WHAT IS NEEDED:
The entries below contain pictures. Write out only the lines from the line with "眼下,在歐洲某農(nóng)" up to and including the line with "Pill Fleece Fabric", exactly, without them.

ENTRIES SUPPLIED:
* * * * * * *
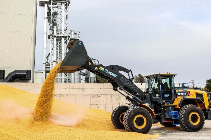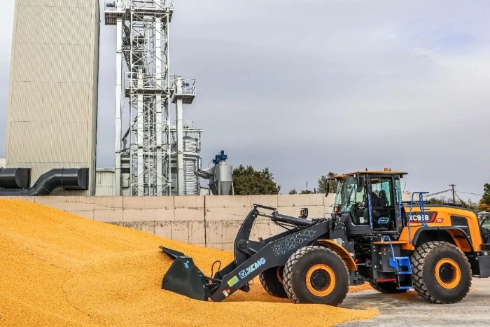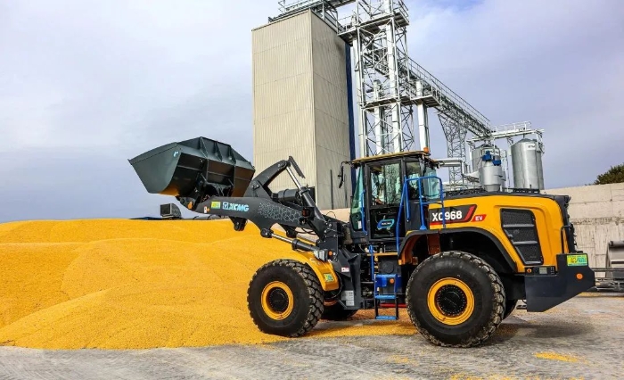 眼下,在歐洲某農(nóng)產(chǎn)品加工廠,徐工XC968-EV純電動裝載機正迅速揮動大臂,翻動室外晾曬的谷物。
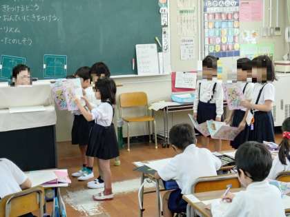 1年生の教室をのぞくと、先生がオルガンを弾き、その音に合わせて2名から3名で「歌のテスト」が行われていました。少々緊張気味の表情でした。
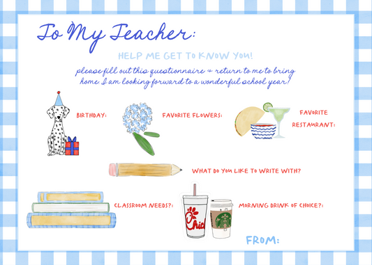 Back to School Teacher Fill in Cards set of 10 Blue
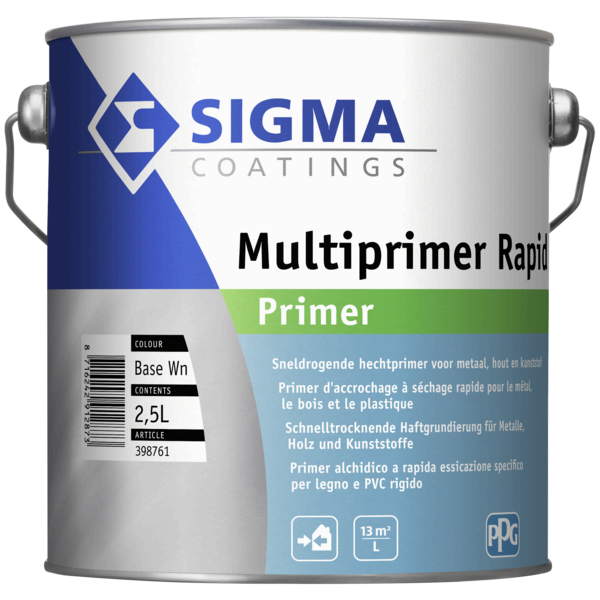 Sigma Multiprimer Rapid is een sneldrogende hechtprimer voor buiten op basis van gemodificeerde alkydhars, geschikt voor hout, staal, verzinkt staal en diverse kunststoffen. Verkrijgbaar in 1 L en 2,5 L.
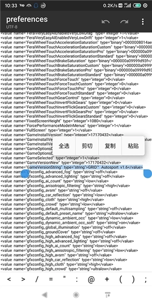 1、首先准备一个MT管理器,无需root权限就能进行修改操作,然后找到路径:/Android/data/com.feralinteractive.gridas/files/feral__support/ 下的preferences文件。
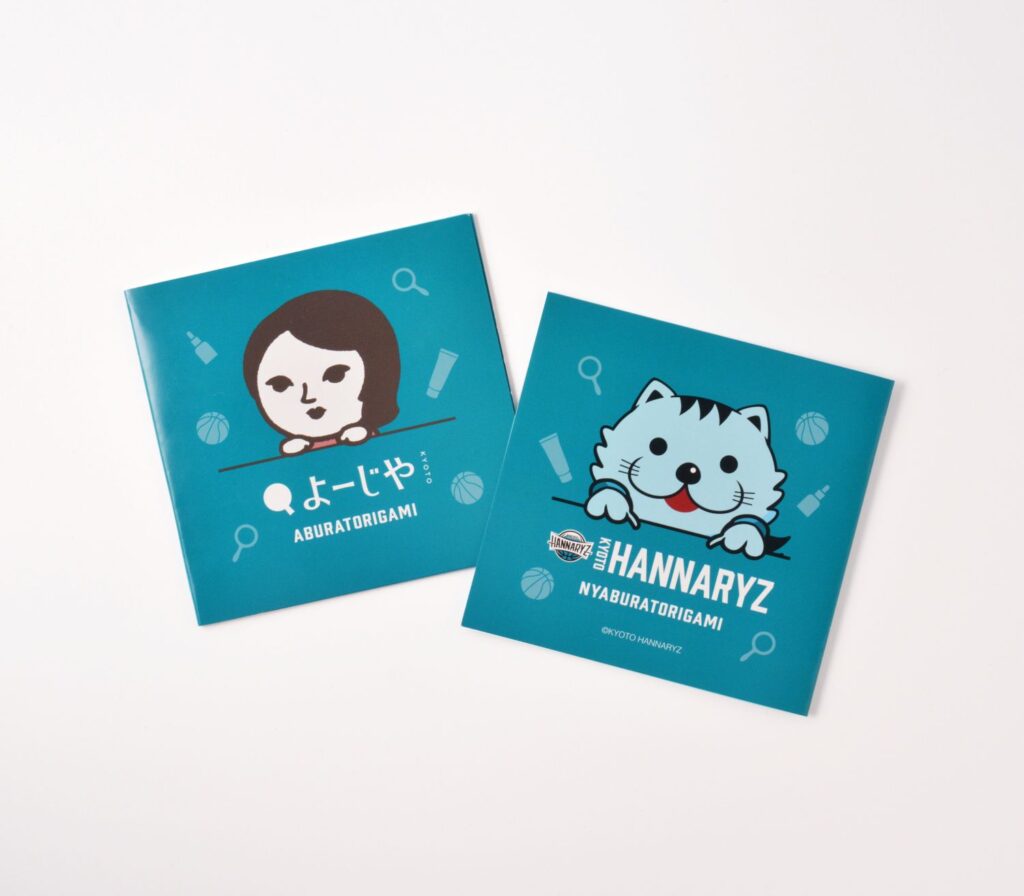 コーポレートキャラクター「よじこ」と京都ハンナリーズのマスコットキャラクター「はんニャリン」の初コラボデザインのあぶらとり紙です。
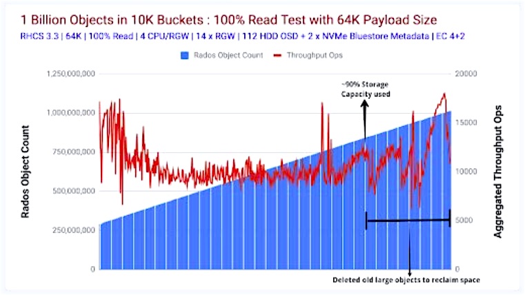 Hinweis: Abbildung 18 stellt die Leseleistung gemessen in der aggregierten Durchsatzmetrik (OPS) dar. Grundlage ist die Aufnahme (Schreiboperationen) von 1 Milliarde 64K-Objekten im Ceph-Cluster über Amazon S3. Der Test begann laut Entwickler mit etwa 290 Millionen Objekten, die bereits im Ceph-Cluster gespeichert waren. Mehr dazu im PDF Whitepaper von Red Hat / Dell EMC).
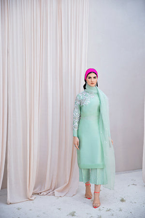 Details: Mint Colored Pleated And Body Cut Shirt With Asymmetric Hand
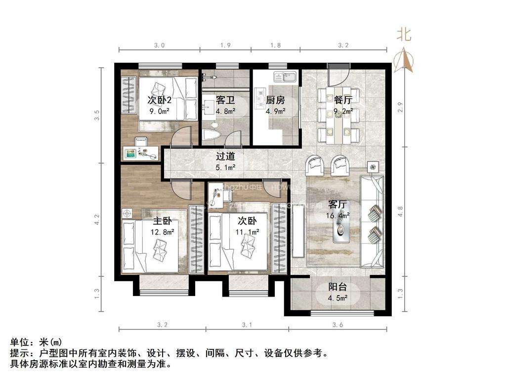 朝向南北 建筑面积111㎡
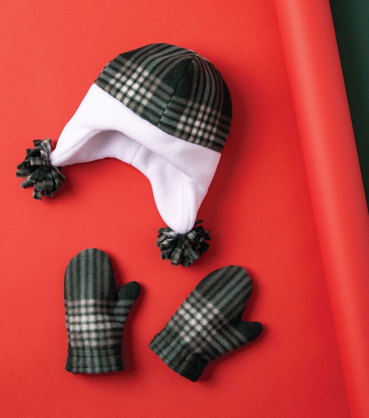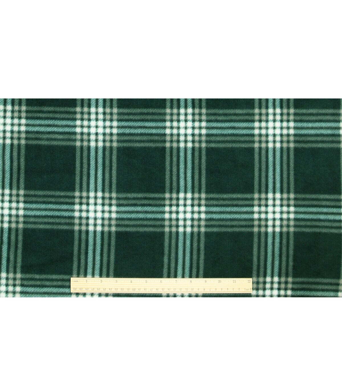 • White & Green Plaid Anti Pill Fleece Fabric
* * * * * * *
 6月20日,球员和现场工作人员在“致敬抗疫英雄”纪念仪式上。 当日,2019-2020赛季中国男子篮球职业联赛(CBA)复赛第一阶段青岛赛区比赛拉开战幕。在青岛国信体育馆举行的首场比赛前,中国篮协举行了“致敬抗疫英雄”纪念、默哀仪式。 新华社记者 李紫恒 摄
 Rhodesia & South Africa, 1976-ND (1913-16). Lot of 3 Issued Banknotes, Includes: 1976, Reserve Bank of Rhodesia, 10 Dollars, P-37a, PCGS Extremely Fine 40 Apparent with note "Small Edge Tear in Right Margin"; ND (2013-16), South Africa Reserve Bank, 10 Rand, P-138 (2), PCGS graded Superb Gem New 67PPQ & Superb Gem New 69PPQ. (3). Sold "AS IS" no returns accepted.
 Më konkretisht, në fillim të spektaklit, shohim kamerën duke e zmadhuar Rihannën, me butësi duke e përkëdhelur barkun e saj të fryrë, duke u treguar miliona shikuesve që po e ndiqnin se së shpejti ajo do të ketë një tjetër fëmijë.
* * * * * * *
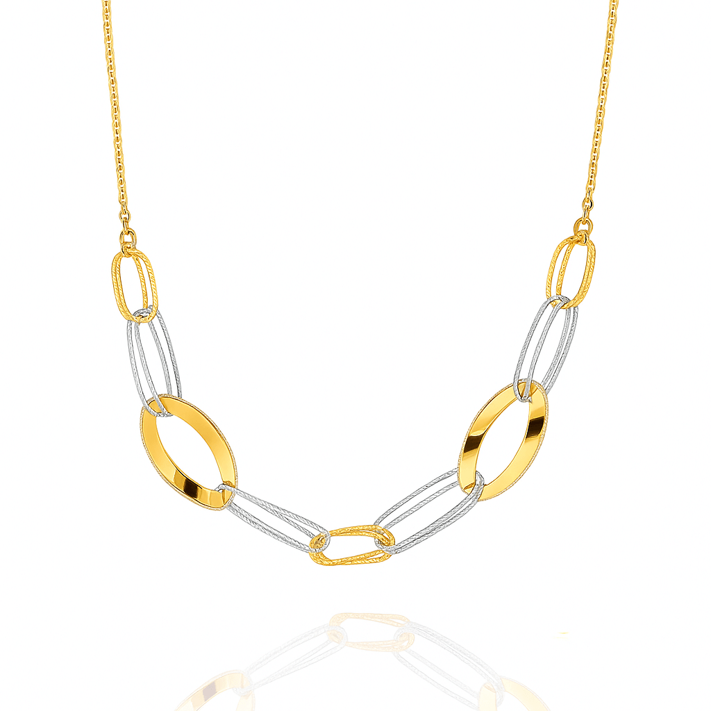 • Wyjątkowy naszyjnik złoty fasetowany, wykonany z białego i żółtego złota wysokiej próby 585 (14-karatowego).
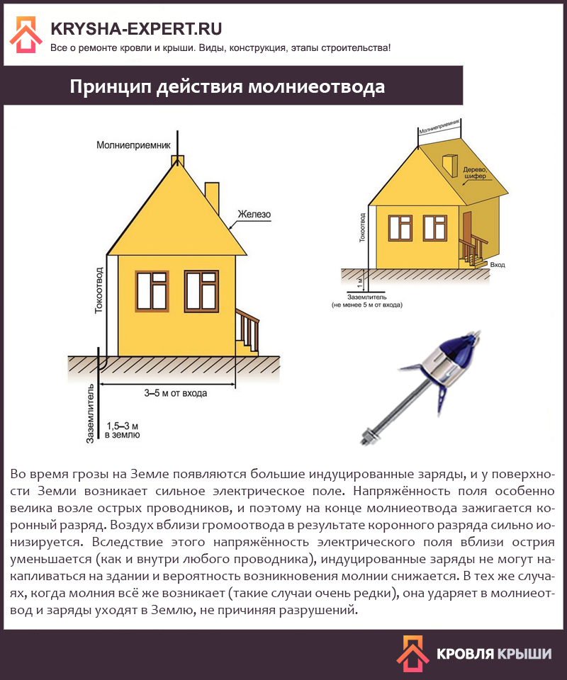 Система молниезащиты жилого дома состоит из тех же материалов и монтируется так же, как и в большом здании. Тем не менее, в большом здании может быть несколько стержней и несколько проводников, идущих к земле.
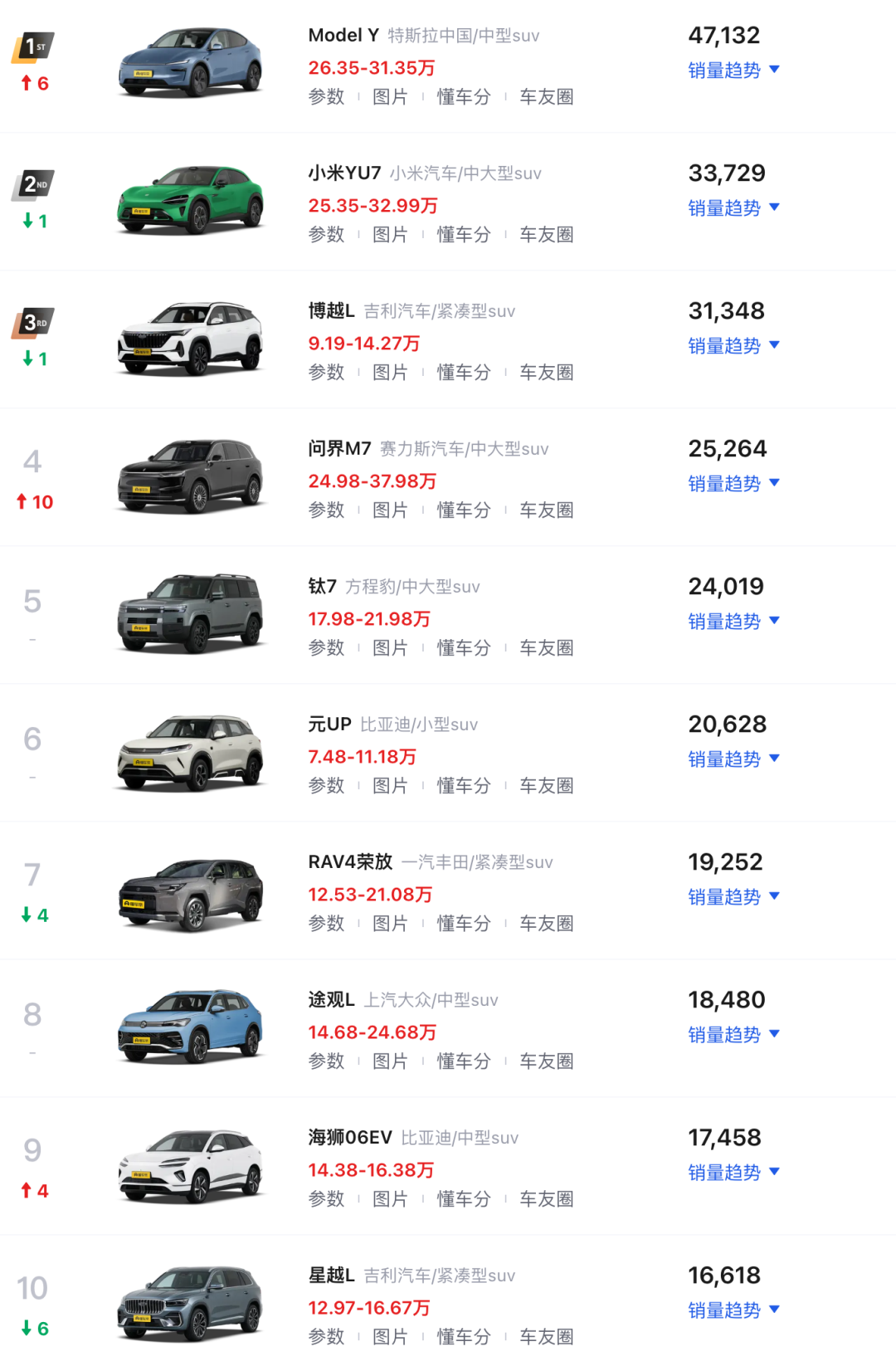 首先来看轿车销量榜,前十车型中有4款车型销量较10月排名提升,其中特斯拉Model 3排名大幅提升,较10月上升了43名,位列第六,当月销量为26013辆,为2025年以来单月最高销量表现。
* * * * * * *
ANSWER BOX:
 眼下,在歐洲某農(nóng)產(chǎn)品加工廠,徐工XC968-EV純電動裝載機正迅速揮動大臂,翻動室外晾曬的谷物。
 1年生の教室をのぞくと、先生がオルガンを弾き、その音に合わせて2名から3名で「歌のテスト」が行われていました。少々緊張気味の表情でした。
 Back to School Teacher Fill in Cards set of 10 Blue
 Sigma Multiprimer Rapid is een sneldrogende hechtprimer voor buiten op basis van gemodificeerde alkydhars, geschikt voor hout, staal, verzinkt staal en diverse kunststoffen. Verkrijgbaar in 1 L en 2,5 L.
 1、首先准备一个MT管理器,无需root权限就能进行修改操作,然后找到路径:/Android/data/com.feralinteractive.gridas/files/feral__support/ 下的preferences文件。
 コーポレートキャラクター「よじこ」と京都ハンナリーズのマスコットキャラクター「はんニャリン」の初コラボデザインのあぶらとり紙です。
 Hinweis: Abbildung 18 stellt die Leseleistung gemessen in der aggregierten Durchsatzmetrik (OPS) dar. Grundlage ist die Aufnahme (Schreiboperationen) von 1 Milliarde 64K-Objekten im Ceph-Cluster über Amazon S3. Der Test begann laut Entwickler mit etwa 290 Millionen Objekten, die bereits im Ceph-Cluster gespeichert waren. Mehr dazu im PDF Whitepaper von Red Hat / Dell EMC).
 Details: Mint Colored Pleated And Body Cut Shirt With Asymmetric Hand
 朝向南北 建筑面积111㎡
 • White & Green Plaid Anti Pill Fleece Fabric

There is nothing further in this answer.